For Compulsive Browsers, On-Line Shopping is No Bargain

LADUE, Missouri.  Roy Griggins made enough money in his lifetime as a manufacturer of flanges and hasps to retire in comfort, but he still keeps a watchful eye on his bank balance.   “My wife Peggy loves to shop,” he says, shaking his head with a rueful smile.  “Or more precisely, she loves the experience of shopping–walking the length of the counter and then asking the salesgirl ‘Haven’t you got something just a little more expensive?’”

“I love spending my second husband’s first wife’s money!”


These days, of course, Peggy Griggins and the “gals” she used to go shopping with are stuck indoors, limited to on-line purchases and missing out on the camaraderie they enjoyed as they broke retail sales records in upscale malls around this affluent suburb of St. Louis.  “I miss Lenora at Schuchtermeir’s,” she says of her favorite employee at a local clothing store that specializes in bright pinks and greens in “preppy” stylings.  “It’s just not the same, watching the skies for some drone to arrive from something-or-other-dot-com,” she adds as she starts to make herself an Old Fashioned at 4:42 p.m., causing her husband to intervene.

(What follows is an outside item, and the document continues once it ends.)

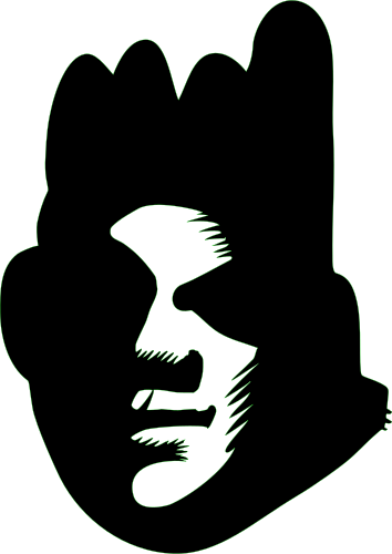 This features a black and white silhouette of a face, possibly representing a crown or a head. The face is prominently displayed in the center of the image, with its features clearly visible despite being in shadow. The contrast between light and dark areas creates an interesting visual effect that draws attention to the subject. This artistic representation could be used for various purposes such as decoration, branding or even as a symbolic representation of power or authority.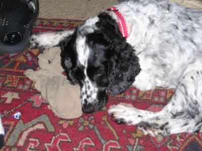 Photo number 2: the dog with one of my Moms pantyhoses that are still around. She always loved them, and she still does.

“If I can’t go shopping, I’m going to get stinking drunk.”


“Not yet, Peg,” he says sternly.  “You know the rule.”

Peggy Griggins and others in her situation suffer from Shopping Deficiency Syndrome, or “SDS” as it is known in the short-hand parlance of the emergency rooms of hospitals here.  “We’re overwhelmed, so we need to practice ‘triage,’” says Dr. Wendell Murphy of NovaMatrixSignetYaddaYadda Healthcare, a regional hospital conglomerate.  “Women are wheeled in here who haven’t used their credit cards in five weeks, we treat them immediately.  Patients who were able to buy something frivolous on a recent shopping trip for ‘essentials’–their credit cards may still have a pulse in them.  We sedate them and plunk them down in front of the Home Shopping Channel.”

“Each boot comes with a mini-bar and room air conditioner.”

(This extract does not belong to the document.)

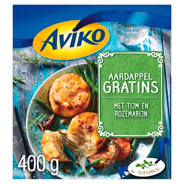 De Aviko Aardappel Gratins met Tijm & Rozemarijn (4 stuks) zijn heerlijk van smaak door de combinatie van aardappelschijfjes, room en kruiden. Met deze krokante en romige gratins maak je echt indruk. Onze aardappelen worden met zorg geselecteerd en verwerkt. Aardappelen bevatten belangrijke voedingsstoffen zoals koolhydraten, vezels, eiwitten en mineralen Aviko biedt voor elke dag inspiratie voor de avondmaaltijd. Hoe ziet jouw kookweek eruit? Kijk op www.aviko.nl voor verrassende kookweekrecepten.

Economists say “flattening the curve” of the SDS contagion is essential if America is to avoid a deep recession that could decimate supply chains, bankrupt marginal businesses and causes household pets to break out in mange.  “We’re already seeing the impact on high-margin items of dubious utility,” says Bridget Adamley, a professor at the University of Massachusetts-Seekonk.  “Accessories that were previously available in seafoam, charcoal, taupe, dusty rose and teal now are only offered in black or white, take it or leave it.  I don’t know what I would tell a young girl who’s dreaming of a low-paid job with long hours–including weekends–in women’s ready-to-wear.”

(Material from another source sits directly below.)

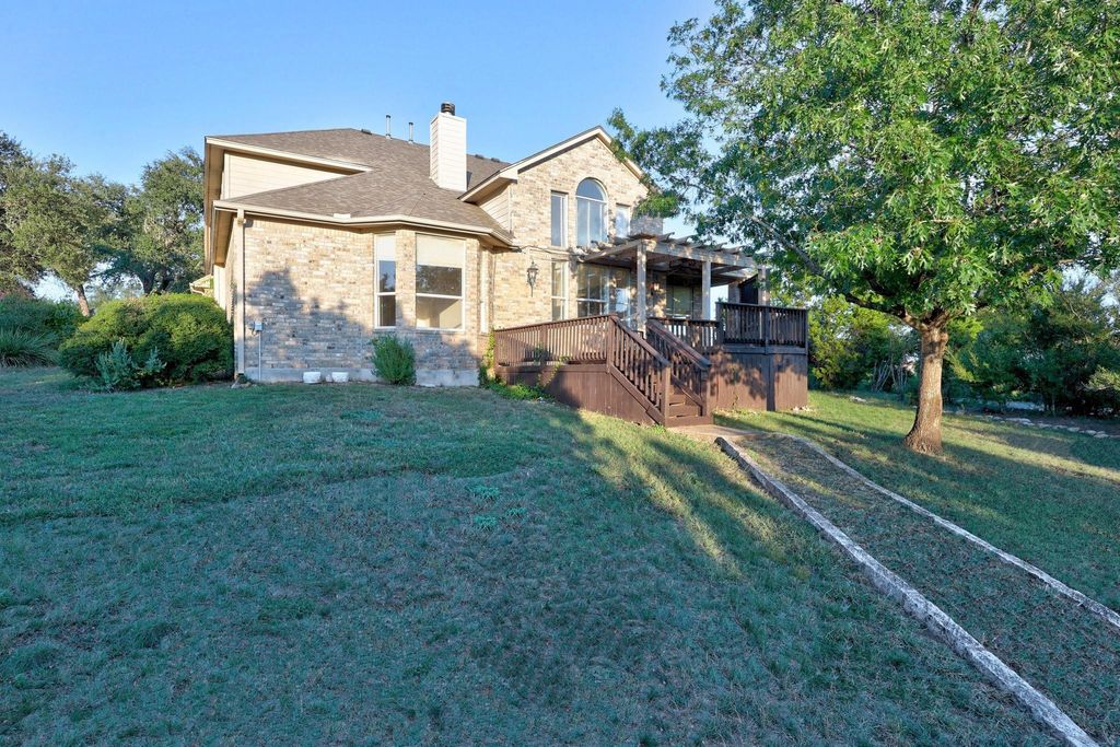 Set on 1.3 acres in the gated Grand Mesa at Crystal Falls, this 4-bedroom, 3.5-bath home feels private and serene while soaking up big Hill Country views. The main level has an open and flexible formal living and dining space plus an open family room, kitchen, and breakfast area. Vaulted ceilings and a fireplace make the family room inviting, while the kitchen gives you plenty of room to cook and gather. The spacious primary suite is also on the main level, with not one, but two walk-in closets (plus hidden storage) and a spa-style bath with dual vanities, a soaking tub, and a walk-in shower. Upstairs, you'll find three more bedrooms (all with walk-in closets), two full baths, and a loft that makes a perfect game room or hangout space. Step outside and you'll see what makes this home special. A raised deck provides sunset views that never disappoint, making it the perfect back drop when hosting gatherings. Below the deck, a paved patio awaits, currently set up with a chimenea that's perfect for chilly nights, but could easily be reimagined for grilling, dining, or however you love to enjoy the outdoors. Native wildlife wander through, from deer to wild turkeys, adding to the Hill Country charm. The three-car garage even includes overhead storage, giving you plenty of room for all your gear. Life in Grand Mesa means more than just a beautiful home. Known as a "Dark Sky" community, you can stargaze without streetlights. Residents also have access to top notch amenities that include parks, sports courts, trails, fishing ponds, and two centers with pools and playscapes. You'll also find an 18-hole disc golf course and a public golf course complete with clubhouse and restaurant. And when you're ready for the energy of the city, Austin's shopping and nightlife are close enough to enjoy, yet far enough away to escape the traffic. This is Hill Country living at its best, quiet, private, and surrounded by nature, yet close enough to enjoy everything Austin has to offer.

“How did they know I still have money to spend?”


For the time being, however, shopping mavens such as Peggy Griggins and her friend Maeve Cleveland can only suffer while they await the results of the race to develop a vaccine that would put them out of their misery by Black Friday, the day after Thanksgiving and the busiest shopping day of the year.  “Not so much for me, I’ve had a full shopping life,” says Cleveland, who has unused availability on the six private label credit cards in her bulging wallet.  “It’s more for the children, who’ll go into an American Girls doll store someday and find the shelves empty.”